# Willow Point Sat 11/19



## duckman (Sep 18, 2004)

Hunted Willow Point/Sandusky bay. Ice on the rocks and some fringes but the marsh was still open. Not a lot of birds working. Missed one lone bluebill who wanted in so bad he let me reload and fire 5 times. Yes I was that bad. But I made the circus shot, with my trunk completely turned on the black trying to sneak behind me. All and all it was slow. By 9:30 I was back at the truck making breakfast. 

My young chocolate lab made her first retrieve on a black! Both rare moments, so i enjoyed it tremendously. She kept trying to sneak off with it. I think I may have something to work with.

Brian


----------



## freyedknot (Apr 10, 2004)

DM , did you hunt the bay side or in the new marshes .take a boat? i am headed up that way next week for a few days. hope everyone will be out deer hunting.


----------



## duckman (Sep 18, 2004)

I didn't bring the layout/Sneak cause its too awkward to load on the roof of the yukon myself.
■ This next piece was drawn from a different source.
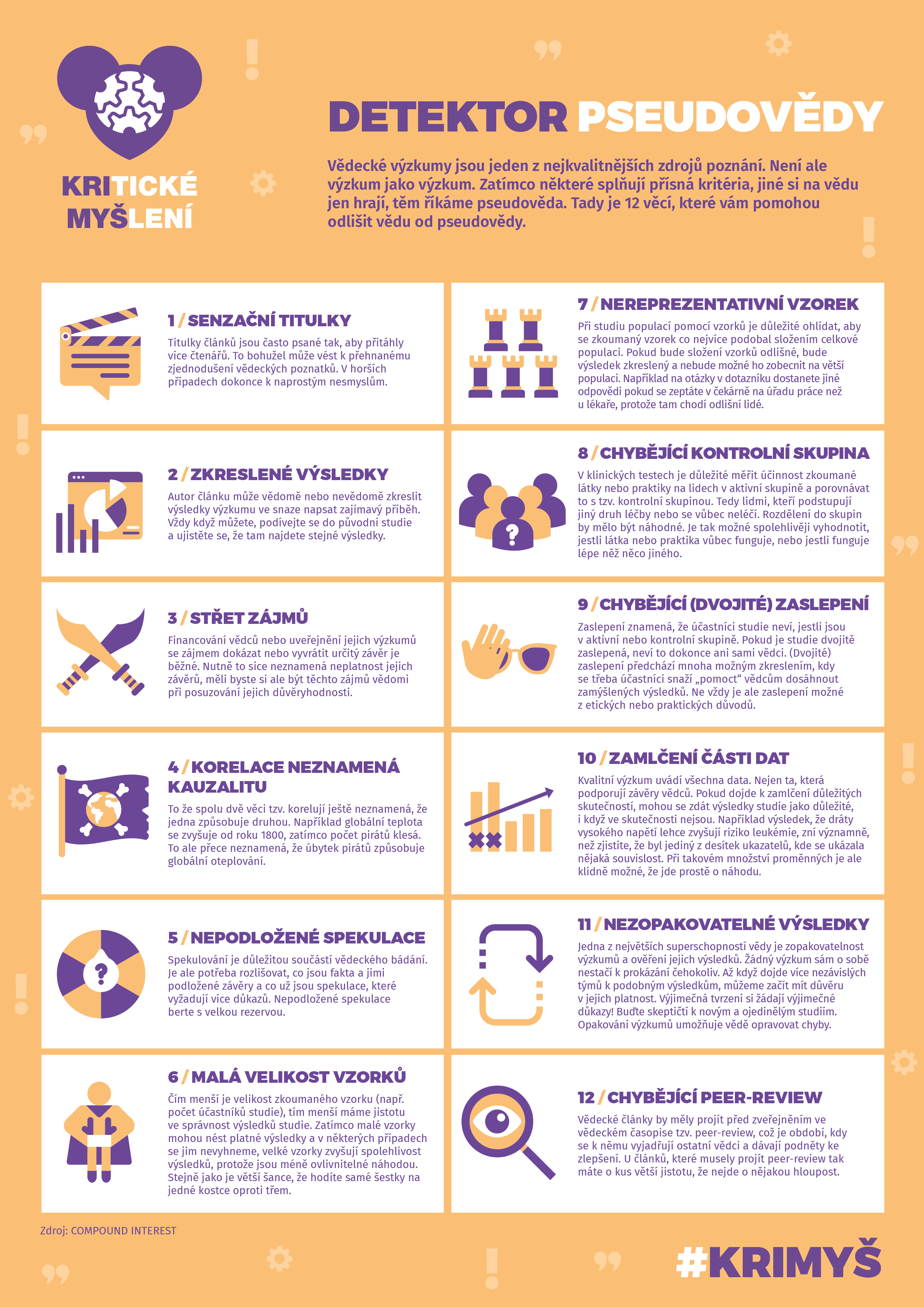 Kritické myšlení je schopnost zručně pracovat se svým rozumem a logikou. Můžeme tak odhalit dezinformace, mýty a polopravdy, a dopátrat se kvalitních a užitečných informací. Uvědomění si klamů a iluzí, které ovlivňují naše vnímání a rozhodování, je prvním krokem k jejich překonání a rozumnějšímu jednání. Krimyš je cesta k větší objektivitě a růstu bez náhody.

I hunted right next to the parking lot by the walking bridge. I had more birds than the guys on the point but thats where I would be (the point). The layouts were hammering away down south of there. Sounded like they were closer to ******'s landing. I went over rt2 and looked down the bay was pretty choppy there. I didn't see birds other than @#$% birds. 

I also hauled out half a garbage bag of other peoples crap... bottles and such. No I am not that good hearted... i just don't like vet bills...

Good luck


----------